I have been told that a mother’s love knows no bounds. If ever I doubted that (wondering how I would respond if this or that happened to one of my children), I can say now that I have acquired firsthand comprehension of that phrase, the threads of which are forever woven into my own heart.
I am the mother of a soldier son. In my life’s experience, there has been no greater challenge. When my son went first to Afghanistan, then to Iraq and other parts unknown on missions of classified status, I felt my heart would burst with terror and anxiety. And yet, my young daughter, still at home, needed my presence. It was incredibly difficult not to get lost in the horrible “what-ifs”.
I became a talk-radio addict, just to feel like I was keeping a finger on the pulse of the military initiative. I remember focusing on photos of my baby boy and his childhood pictures when he was so innocent and carefree, completely unmindful of his future challenges abroad. And then I would compare that countenance to the soldier face in his boot camp photo, so serious, so hardened, so aware of his duty ahead…….and I so helpless stateside.
I could not “help and fix things” as I always had been accustomed. In fact, my mantra as a single parent (“It’s my job as your mother to know where you are, who you are with and what you are doing”) was no longer valid and my own identity began to waver. I could not help and fix…..I could only pray for his safety. When the moon would rise, I would think of him in a faraway place….maybe he would see the moon and think of home……of Mom.
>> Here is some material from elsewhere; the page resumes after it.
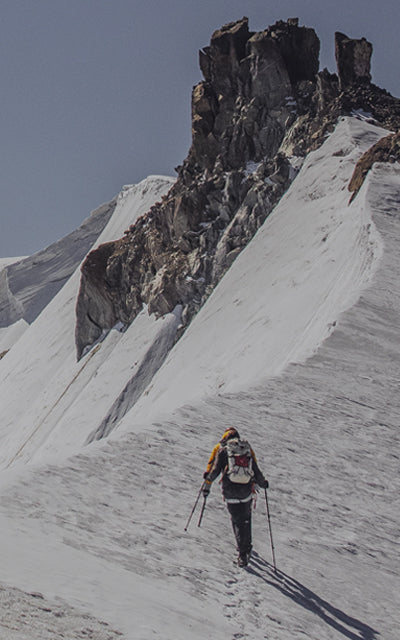 Higher up the ridge pinched to a knife edge of wind-packed snow, with short rock steps that forced quick switches from kicking steps to brief scrambles. There was no beta, no fixed line, only Ade and Paul’s judgment and our spacing. The year before we’d been on the Matterhorn - a 22 hour epic. It was brutal, but it was mapped, with known anchors, queues at cruxes, and a rhythm you could settle into. Here there were no footprints to follow. Every crest was a question. It felt wilder and lonelier, and it asked more of our decision making.
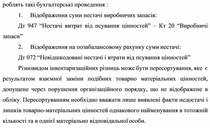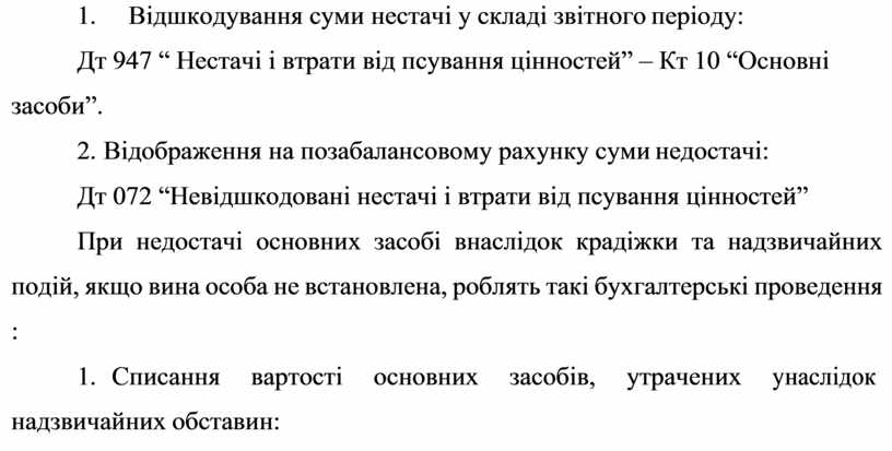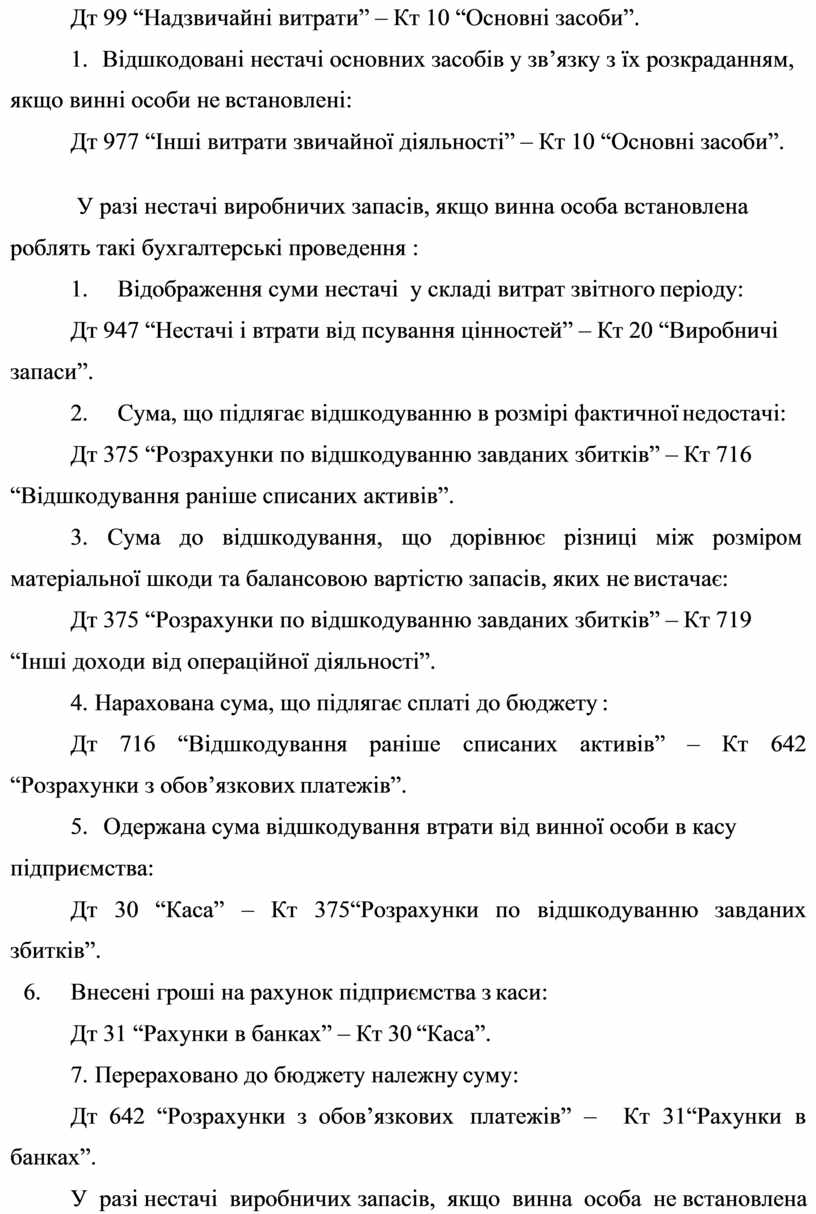 1. Відображення суми нестачі у складі витрат звітного періоду:

I prayed that God would re-assign my guardian angel to do double duty in my son’s behalf.
So I existed in slow motion, weaving the memories with the worries, trying to be busy, trying to be present, all the while yearning to touch my son, to connect with him in ways only a mom knows, hoping for the best and dreading the possible worst, surrendering him to God’s care and taking him back. It was a limbo I never could have imagined for myself.
Even now when I see his smiling face, hear his laughter, I sense his scars, his battle fatigue, and his hyper-awareness of an evil lurking in our world that he had never before known. I admire him as a hero and a patriot, a sacrificial lamb, a man of deep courage, sensitive and strong and a precious son. And I thank God that he came home to me.